(DATA SHOWN)

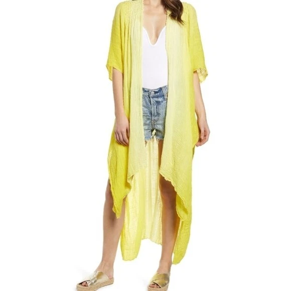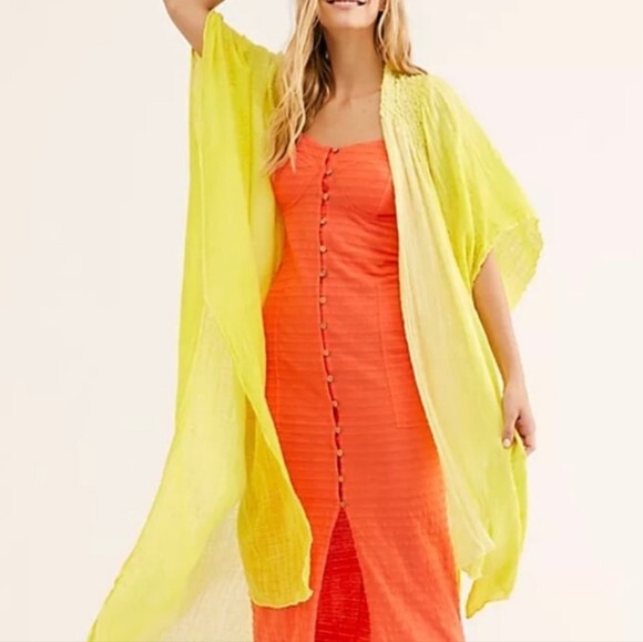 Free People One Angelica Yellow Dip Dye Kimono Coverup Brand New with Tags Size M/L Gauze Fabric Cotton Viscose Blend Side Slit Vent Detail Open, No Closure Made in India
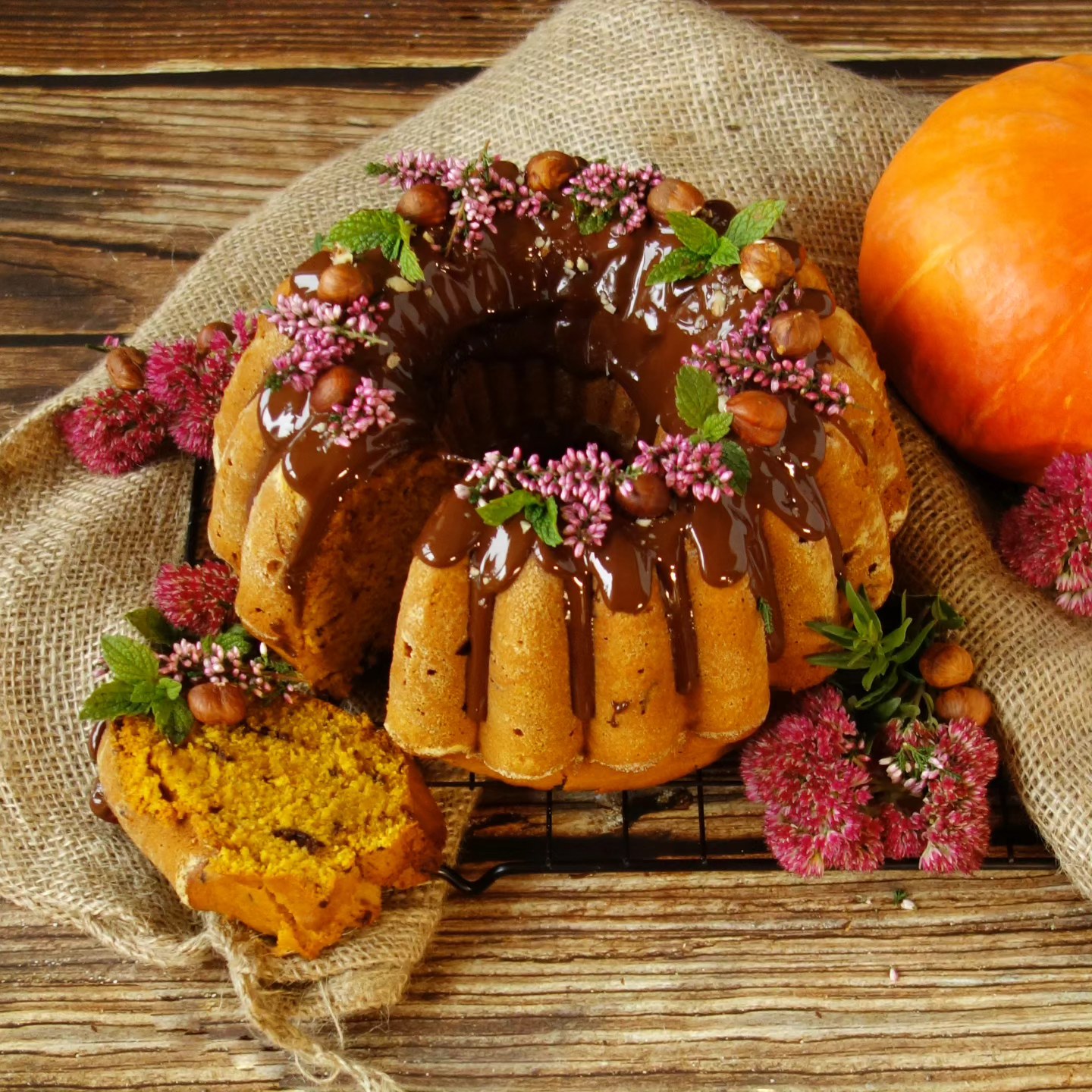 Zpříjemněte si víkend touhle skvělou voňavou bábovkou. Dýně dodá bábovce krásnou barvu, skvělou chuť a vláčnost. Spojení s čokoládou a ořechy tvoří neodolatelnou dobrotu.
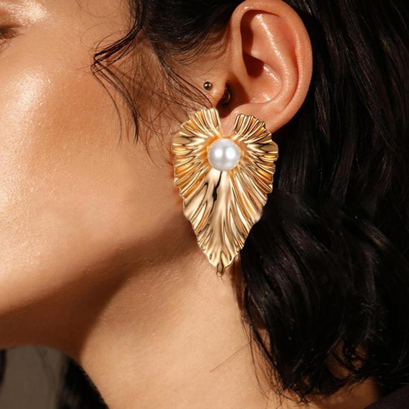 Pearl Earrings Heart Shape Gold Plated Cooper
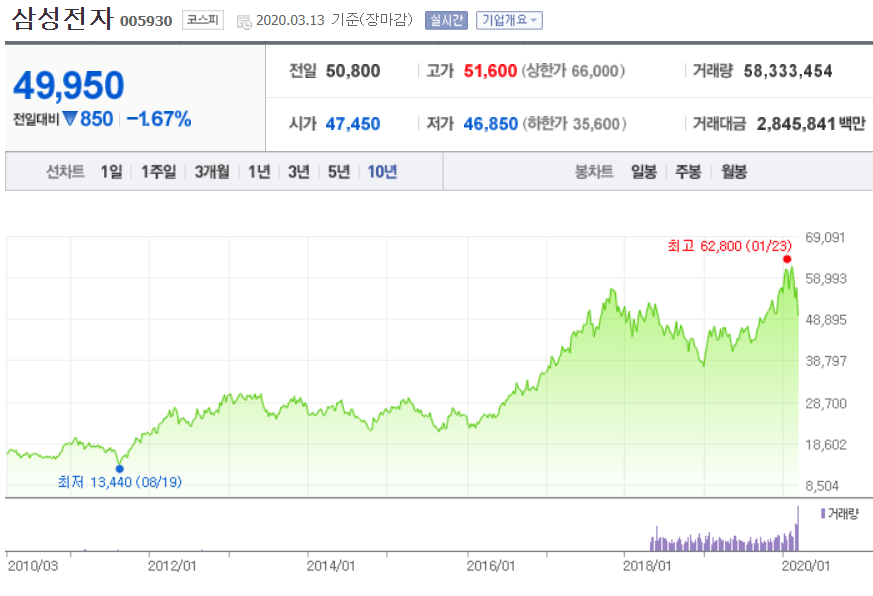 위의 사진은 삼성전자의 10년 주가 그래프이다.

(End DATA SHOWN)
(DATA SHOWN)

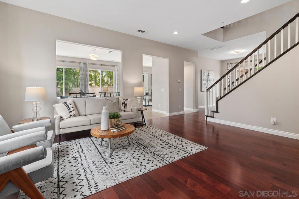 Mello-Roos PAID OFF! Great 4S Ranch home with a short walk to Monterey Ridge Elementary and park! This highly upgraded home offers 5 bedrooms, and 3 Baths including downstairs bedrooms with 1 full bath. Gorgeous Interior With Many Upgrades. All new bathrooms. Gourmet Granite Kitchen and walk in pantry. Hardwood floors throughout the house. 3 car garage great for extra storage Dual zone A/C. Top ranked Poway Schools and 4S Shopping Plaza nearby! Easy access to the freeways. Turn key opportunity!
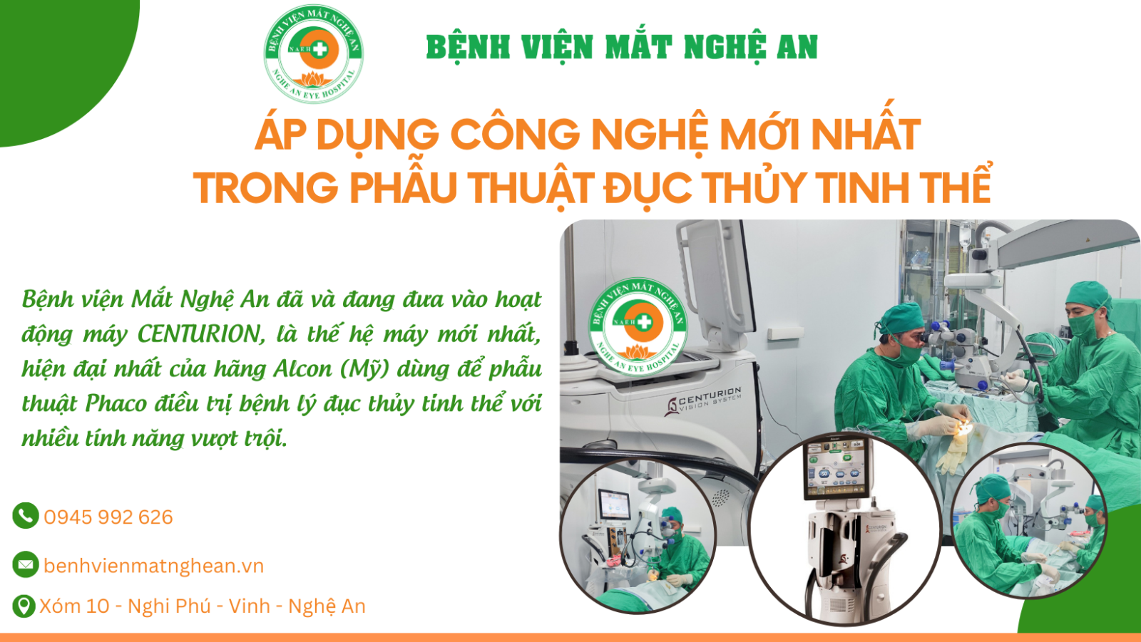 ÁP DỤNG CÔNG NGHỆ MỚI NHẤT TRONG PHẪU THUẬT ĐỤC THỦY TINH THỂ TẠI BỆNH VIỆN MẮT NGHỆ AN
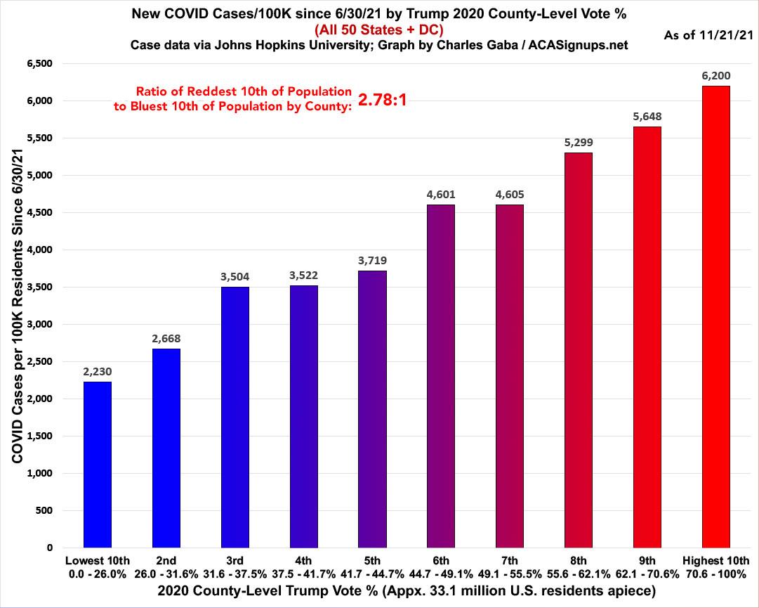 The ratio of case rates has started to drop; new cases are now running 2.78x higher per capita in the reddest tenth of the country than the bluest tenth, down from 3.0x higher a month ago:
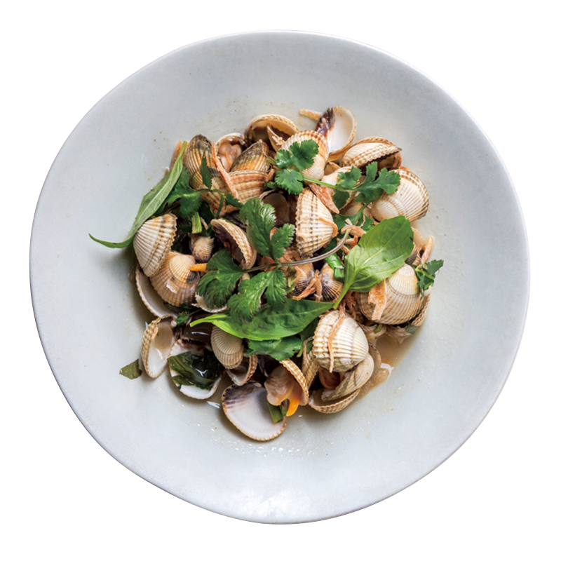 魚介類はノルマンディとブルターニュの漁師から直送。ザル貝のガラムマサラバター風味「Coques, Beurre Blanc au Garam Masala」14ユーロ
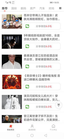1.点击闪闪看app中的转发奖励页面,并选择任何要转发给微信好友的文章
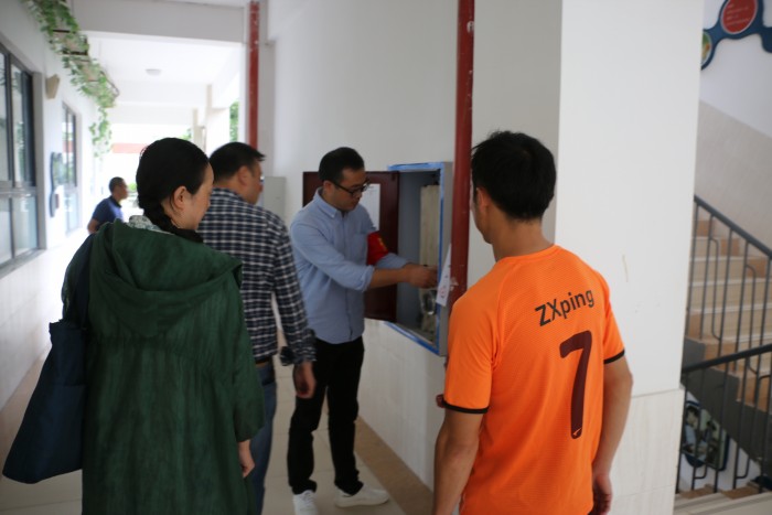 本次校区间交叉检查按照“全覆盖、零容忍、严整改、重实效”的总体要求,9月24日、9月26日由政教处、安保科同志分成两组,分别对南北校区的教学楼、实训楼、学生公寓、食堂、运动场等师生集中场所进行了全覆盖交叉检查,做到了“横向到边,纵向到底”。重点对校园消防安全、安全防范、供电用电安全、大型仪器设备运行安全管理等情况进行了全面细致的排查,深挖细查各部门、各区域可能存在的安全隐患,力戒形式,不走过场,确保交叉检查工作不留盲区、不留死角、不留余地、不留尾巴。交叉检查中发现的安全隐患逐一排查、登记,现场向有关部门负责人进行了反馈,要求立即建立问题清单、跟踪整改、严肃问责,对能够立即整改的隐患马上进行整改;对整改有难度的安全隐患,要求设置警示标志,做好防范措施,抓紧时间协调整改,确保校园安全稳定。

(End DATA SHOWN)
(DATA SHOWN)

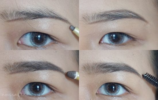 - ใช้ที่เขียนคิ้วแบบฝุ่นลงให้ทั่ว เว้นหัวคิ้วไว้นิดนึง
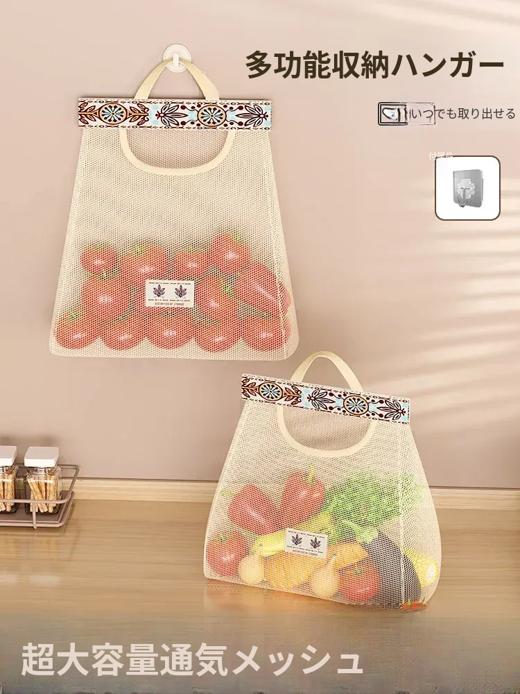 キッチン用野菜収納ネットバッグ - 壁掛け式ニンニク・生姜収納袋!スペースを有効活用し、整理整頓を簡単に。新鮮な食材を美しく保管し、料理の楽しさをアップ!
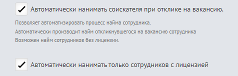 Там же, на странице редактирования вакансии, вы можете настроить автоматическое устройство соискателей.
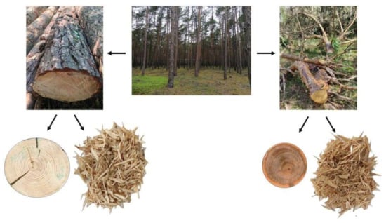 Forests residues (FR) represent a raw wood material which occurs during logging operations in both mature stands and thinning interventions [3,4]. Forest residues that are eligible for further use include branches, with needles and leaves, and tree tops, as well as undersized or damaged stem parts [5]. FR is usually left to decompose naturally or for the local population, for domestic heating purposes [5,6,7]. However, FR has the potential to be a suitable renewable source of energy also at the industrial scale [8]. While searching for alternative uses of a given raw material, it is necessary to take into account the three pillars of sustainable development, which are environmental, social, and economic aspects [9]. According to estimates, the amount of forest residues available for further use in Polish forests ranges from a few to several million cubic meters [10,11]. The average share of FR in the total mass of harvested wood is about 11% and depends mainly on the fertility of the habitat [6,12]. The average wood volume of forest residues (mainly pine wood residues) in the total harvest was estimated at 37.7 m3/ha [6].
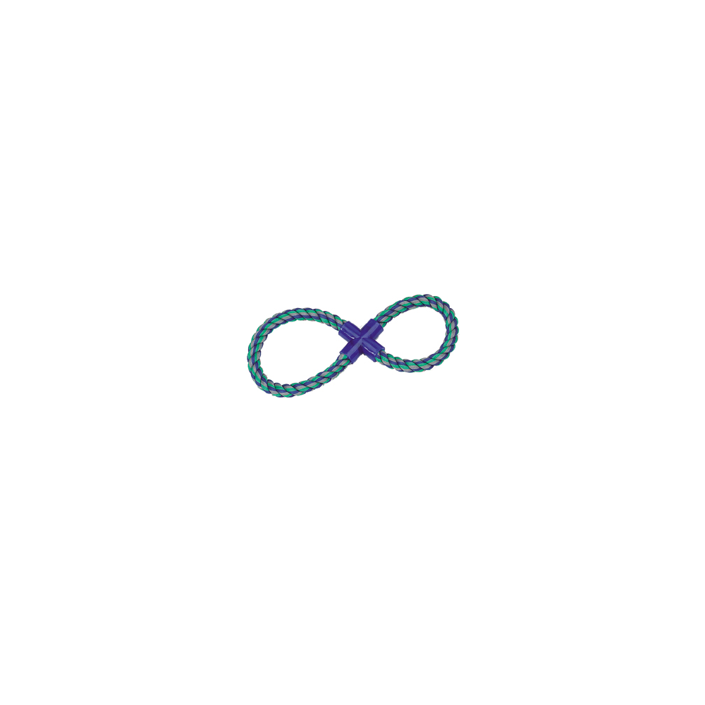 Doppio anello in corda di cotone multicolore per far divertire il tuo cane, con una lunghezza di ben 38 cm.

(End DATA SHOWN)

EXERCISE DIRECTIONS - Reproduce the lines above beginning at the line that contains "Free People One" and ending at the line that contains "Zpříjemněte si víkend". No pictures.

EXERCISE RESPONSE -
 Free People One Angelica Yellow Dip Dye Kimono Coverup Brand New with Tags Size M/L Gauze Fabric Cotton Viscose Blend Side Slit Vent Detail Open, No Closure Made in India
 Zpříjemněte si víkend touhle skvělou voňavou bábovkou. Dýně dodá bábovce krásnou barvu, skvělou chuť a vláčnost. Spojení s čokoládou a ořechy tvoří neodolatelnou dobrotu.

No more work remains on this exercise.